David Cameron, a man not known for his attention to detail, armed himself with several powerful statistics at today’s PMQs. Private sector employment, he boasted, had risen by a million since the election, while the deficit had fallen by a quarter. In response, Ed Miliband pointed out that borrowing is already 25 per cent (£9.3bn) higher than at this point last year, with George Osborne set to abandon his golden debt rule.
Cameron, naturally, replied that, if Miliband was so worried about borrowing, why did he want to increase it? Miliband should have replied that while Labour would borrow for growth, the Tories are borrowing due to recession. But, perhaps fearing that PMQs wouldn’t allow for an explanation of Keynes’s paradox of thrift, he simply declared that borrowing was “rising on his [Cameron’s] watch”. It was at this point that Cameron turned his attention to “predistribution”, the zeitgeisty concept Miliband discussed in his speech last week. It meant he said, borrowing a quip from Danny Alexander, that “you spend the money before you actually get it, and I think you’ll find that’s why we’re in the mess we’re in right now.” Seated next to Miliband, Ed Balls, who yesterday described “predistribution” as “a good idea looking for a good label”, looked visibly unnerved.
As a result, Miliband’s next question – “Is he going to be a beneficiary of the 50p tax cut?” – couldn’t help sounding rather desperate. Cameron failed to answer it, just as he failed to say whether the government would rip up its debt target, but his replies were sufficiently strong for this to be of little consequence.
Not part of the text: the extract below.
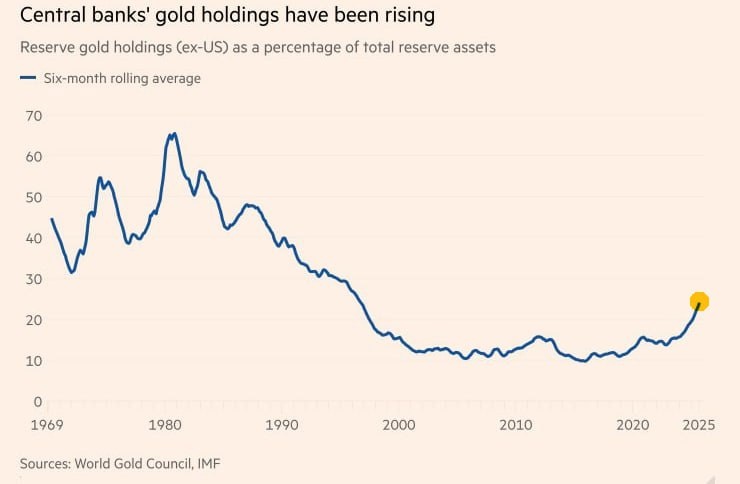 🌕 Мировые ЦБ продолжают активно покупать золото, но до уровня объема покупок 1980-х годов еще далеко — данные WGC — 🌕 Рэй Далио считает, что сегодня ситуация в золоте похожа на начало 1970-х и, несмотря на уже высокие уровни, цена может вырасти еще намного выше. — 🌕🇮🇳 Индия в октябре увеличила импорт золота втрое - до $14,72 млрд — The Hindu — 🌕 Международные инвесторы активно восстанавливают вложения в золото чистый приток в золотые ETF на прошлой неделе составил $2,9 млрд, что в 8 раз больше, чем неделей ранее тем не менее, этот приток все еще на $2 млрд меньше среднего объема вложений в сентябре—октябре — данные EPFR — 🌕 JPMorgan: к концу 2026г золото может вырасти до $5200–5300, главным драйвером роста цен станут продолжающиеся покупки со стороны ЦБ развивающихся стран #золото #индия #Далио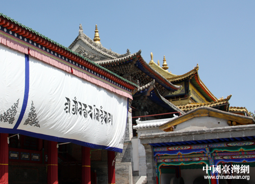 塔爾寺大金瓦殿一角,屋頂為黃金制成。(中國臺(tái)灣網(wǎng) 楊云濤 攝)

The man who invented predistribution, Joseph Hacker, had, Cameron observed, written a book called The Road To Nowhere. But Miliband “didn’t need to read it, he’s there already.” Rather optimistically, the Labour leader again asked the PM whether he would benefit from the abolition of the 50p rate (“a question he will have to answer between now and April”). But, today at least, buoyed by the cheers of Tory MPs, Cameron could happily ignore him.